Task:
Look below for the line containing "Шундан сўнг ушбу" and the line containing "Purple Silver Confetti", then set down both and every line between them exactly, without pictures.

Data for this task:
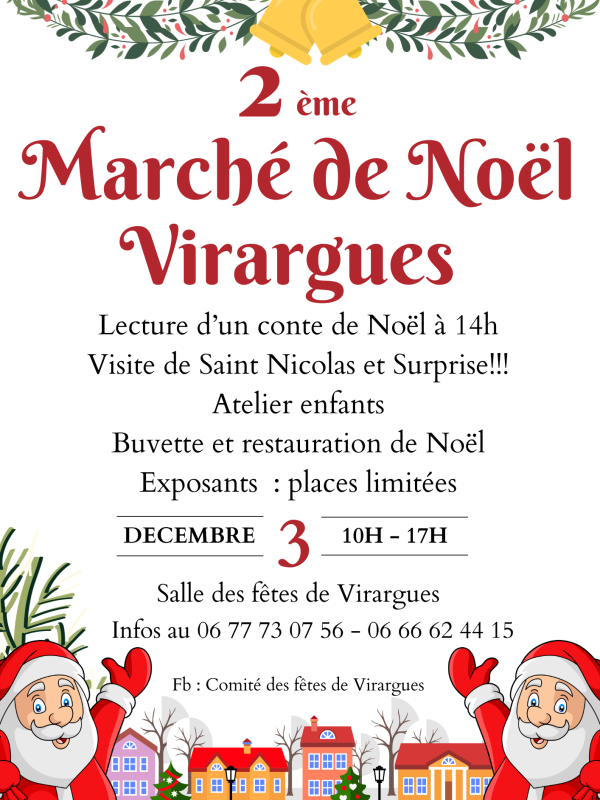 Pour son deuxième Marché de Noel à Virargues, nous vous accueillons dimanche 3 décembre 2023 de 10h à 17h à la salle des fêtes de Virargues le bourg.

---

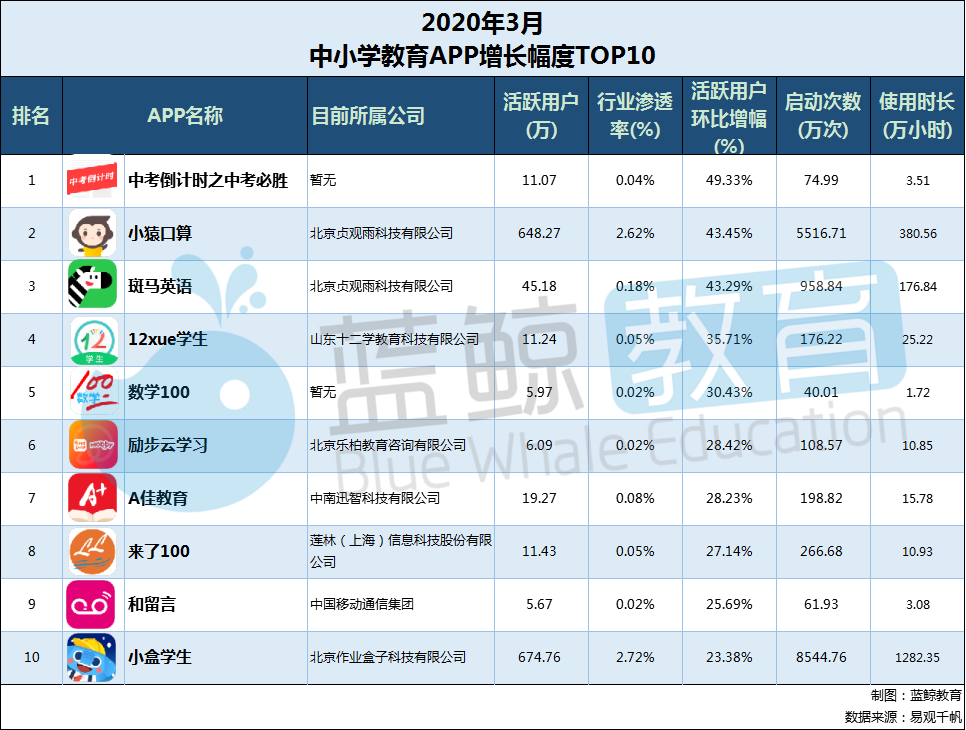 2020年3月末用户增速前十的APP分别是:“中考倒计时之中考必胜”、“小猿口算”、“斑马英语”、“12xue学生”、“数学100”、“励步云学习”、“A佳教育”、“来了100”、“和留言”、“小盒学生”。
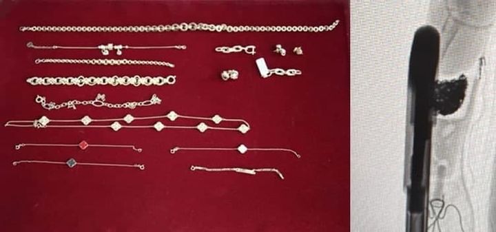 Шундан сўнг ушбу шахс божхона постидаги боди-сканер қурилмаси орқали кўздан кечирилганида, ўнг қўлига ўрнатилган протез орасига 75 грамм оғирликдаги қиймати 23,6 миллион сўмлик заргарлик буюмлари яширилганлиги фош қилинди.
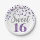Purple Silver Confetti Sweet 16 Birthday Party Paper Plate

Output:
 Шундан сўнг ушбу шахс божхона постидаги боди-сканер қурилмаси орқали кўздан кечирилганида, ўнг қўлига ўрнатилган протез орасига 75 грамм оғирликдаги қиймати 23,6 миллион сўмлик заргарлик буюмлари яширилганлиги фош қилинди.
Purple Silver Confetti Sweet 16 Birthday Party Paper Plate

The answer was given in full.